American developers have created a neural network that can recognize the actions of people both by video recording and by radio wave scanning through a wall and other obstacles. The authors achieved this by first converting both types of data into a skeletal model, and then analyzing it with a single action recognition algorithm. The development will be presented at the ICCV 2019 conference.

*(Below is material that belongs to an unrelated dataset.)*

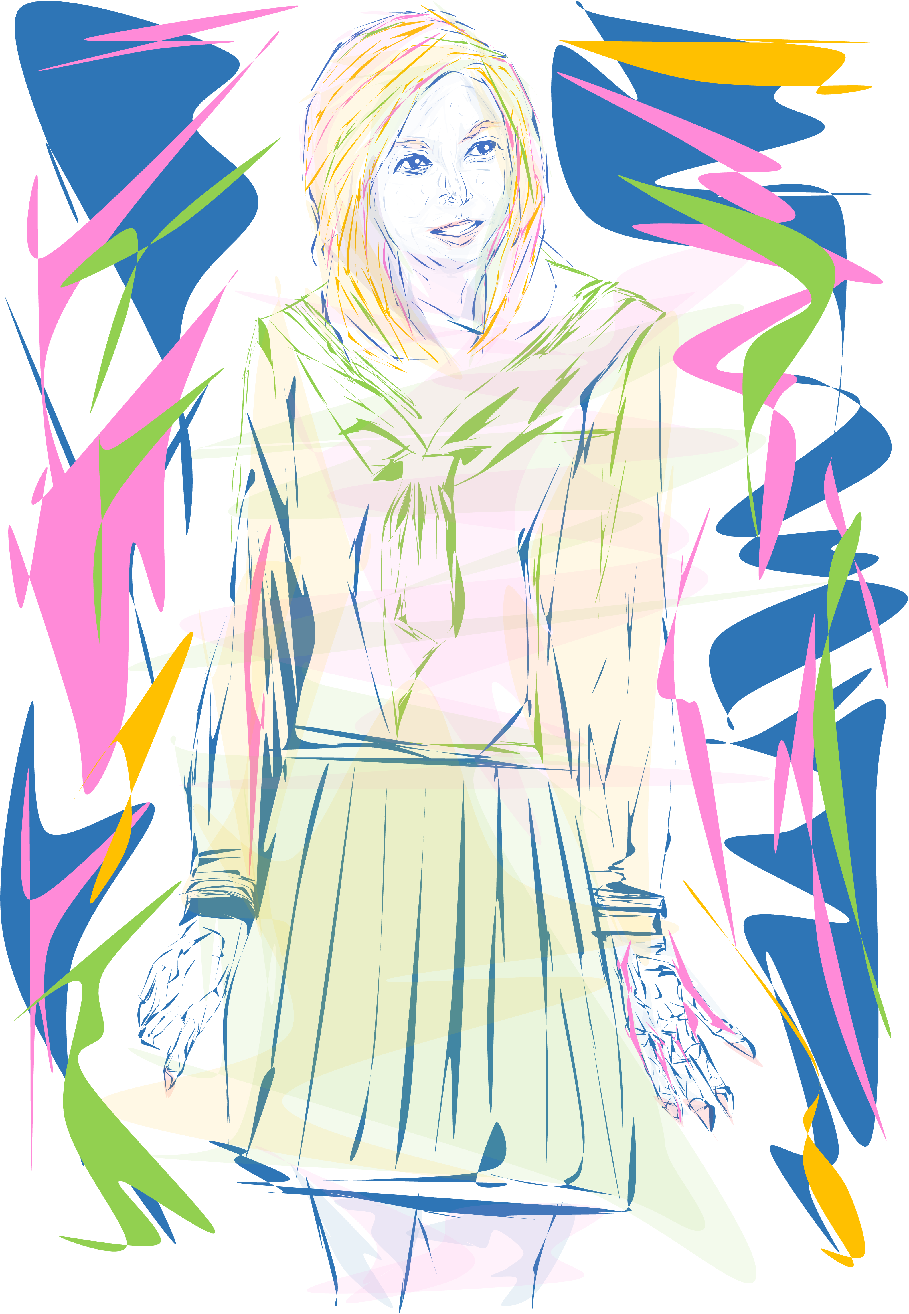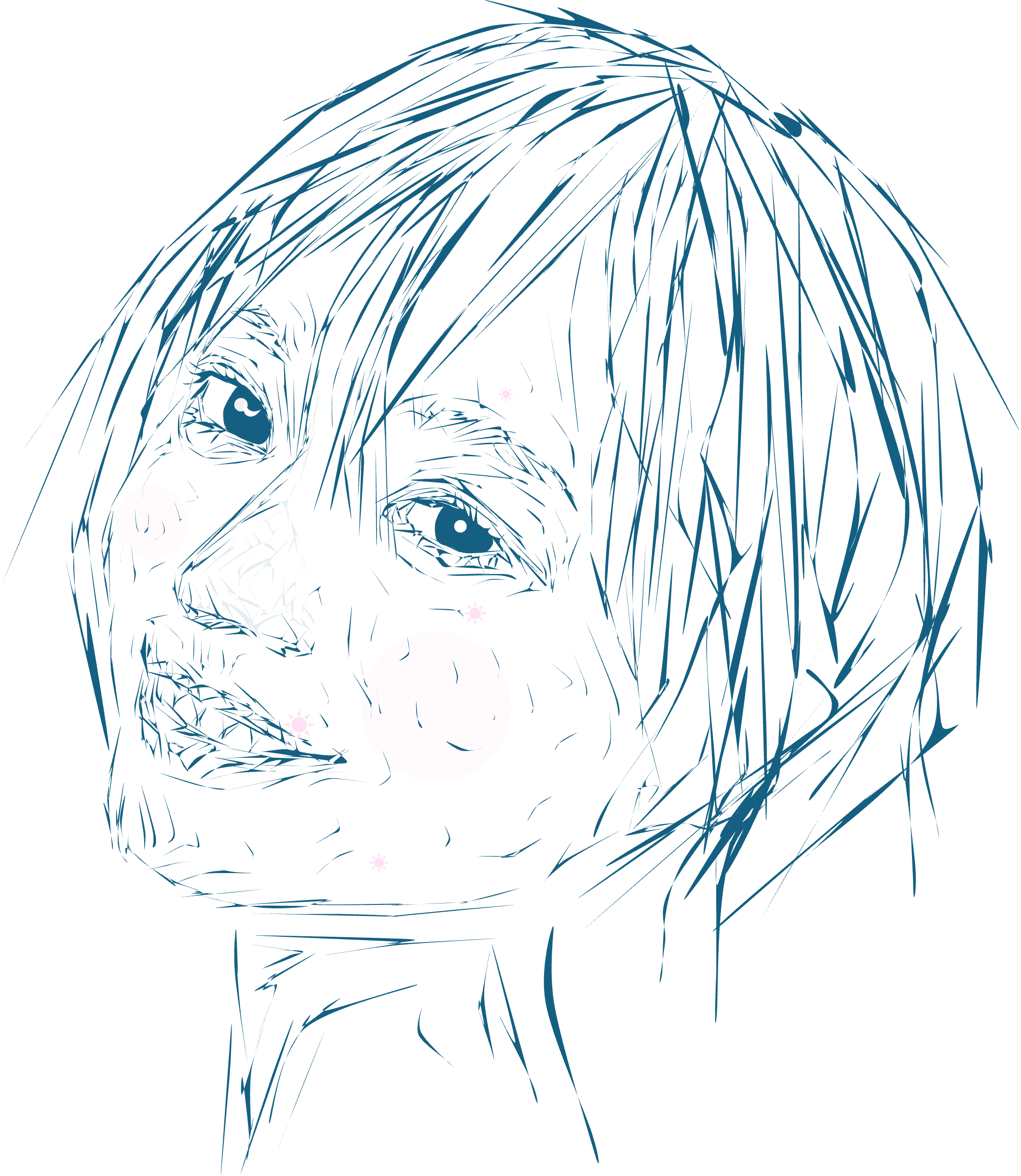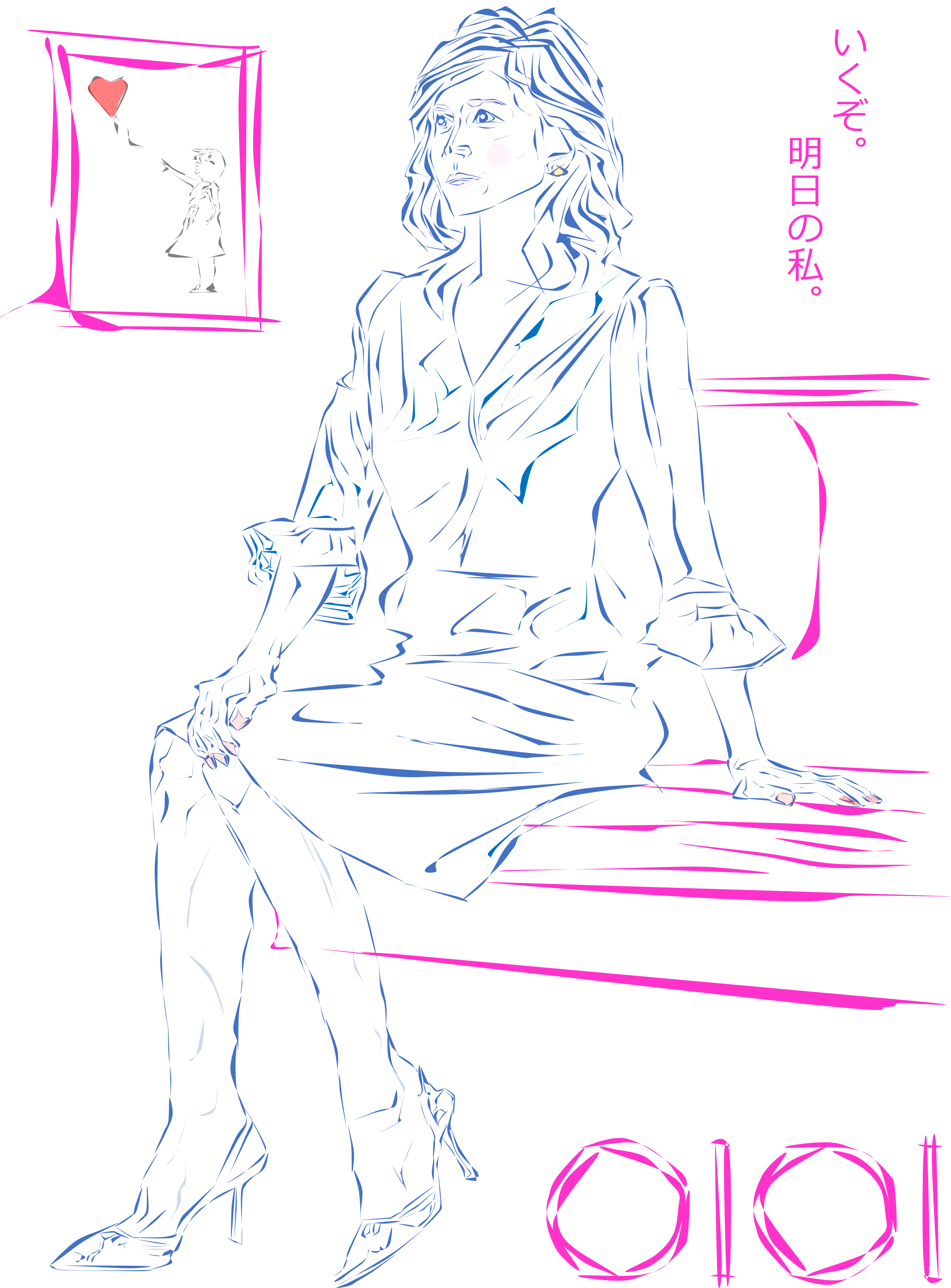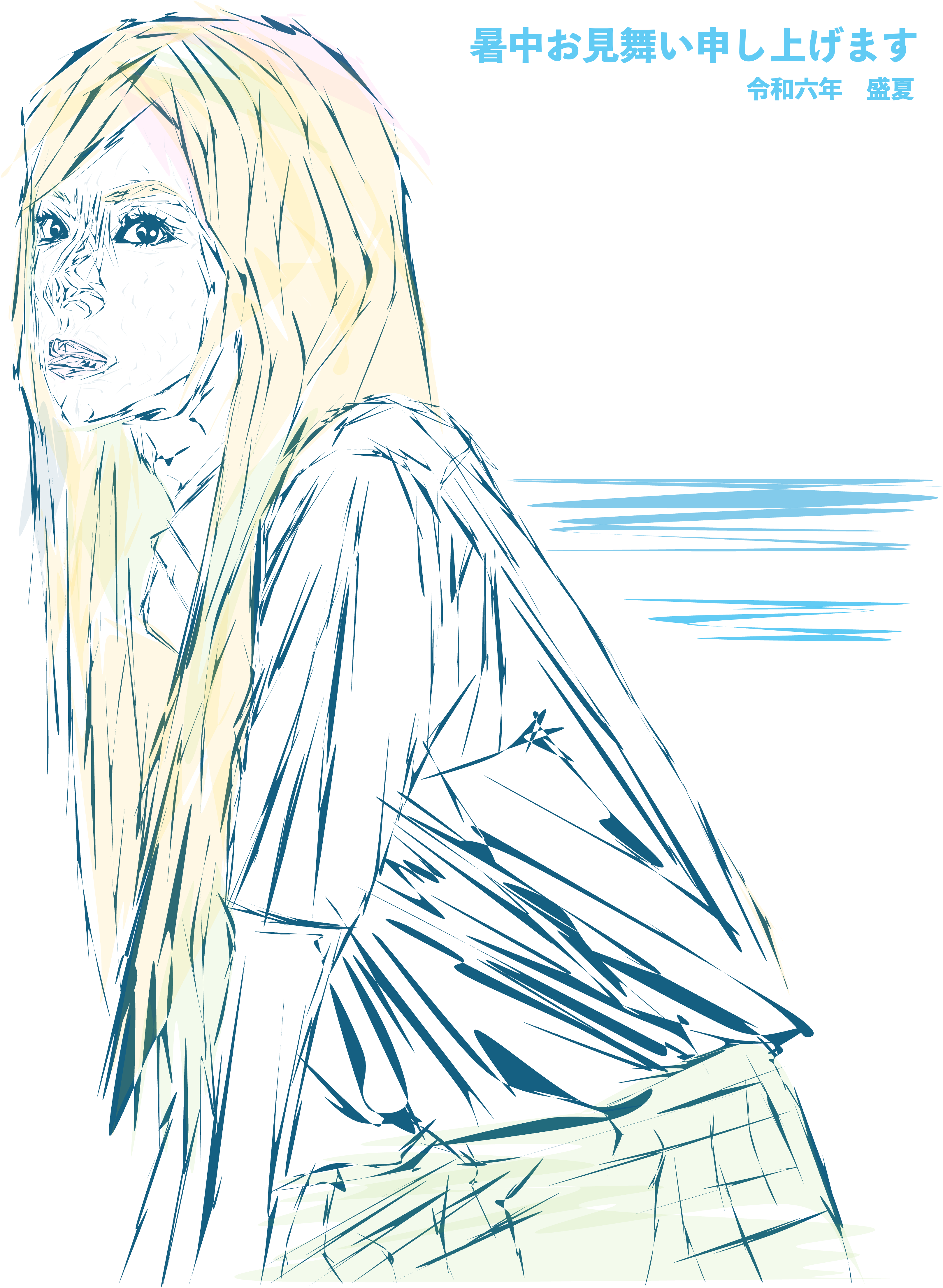 現実的な輪郭線は黒系だが、私の輪郭線は青や赤が多い。色の塗りもパワポまかせだから、適当。現実的でない色で描く。知らず知らずのうちに、アンリ・マティス的である。

In the field of computer vision, technologies for recognizing the body posture by video are quite often used. Often these algorithms are used to determine the behavioral parameters of a person or many people at once. For this, the algorithm creates a skeletal model of the body from the source frames, which can be compared with the postures characteristic of a particular type of activity. For example, Indian developers have created a drone that can recognize violence in the crowd, and Russian engineers are developing a device that can recognize the fall or unusual behavior of older people in the house.
Like other computer vision technologies, the algorithms for creating a body model strongly depend on the quality of frames and lighting, and also do not work when the body on the frame is closed by other objects. There are also technologies that use radio wave signals as data, rather than video recording. However, while these technologies have significantly lower accuracy.
Engineers at the Massachusetts Institute of Technology, led by Dina Katabi, created an algorithm that combines both types of data. It can be represented in the form of three main modules. First, the raw data from the camera or radio transceiver is fed to the corresponding neural network, creating a skeletal model of the body. After that, the following algorithm analyzes the models on the frame, selecting the appropriate actions. He is also able to identify and joint actions, such as a handshake.
To obtain visual data, the developers used a system of several cameras, the open AlphaPose algorithm and an algorithm that turns two-dimensional skeletal models into three-dimensional ones. For radiowave scanning through walls and other obstacles, engineers created a transceiver operating at frequencies from 5.4 to 7.2 gigahertz. It is equipped with two sets of antennas oriented vertically and horizontally. They emit radio waves and then receive reflections from objects. Two-dimensional images are formed from these signals, and then the neural network to create skeletal models receives a pair of such images (for the vertical and horizontal array of antennas).
The developers trained the neural networks included in the algorithm on several datasets, including their own for creating a model using radio signals, as well as the publicly available PKU-MMD action recognition dataset. Testing the algorithm showed that its accuracy in determining the action when the person is visible is 87.8 percent, and when working through the wall, the accuracy decreases to 83 percent.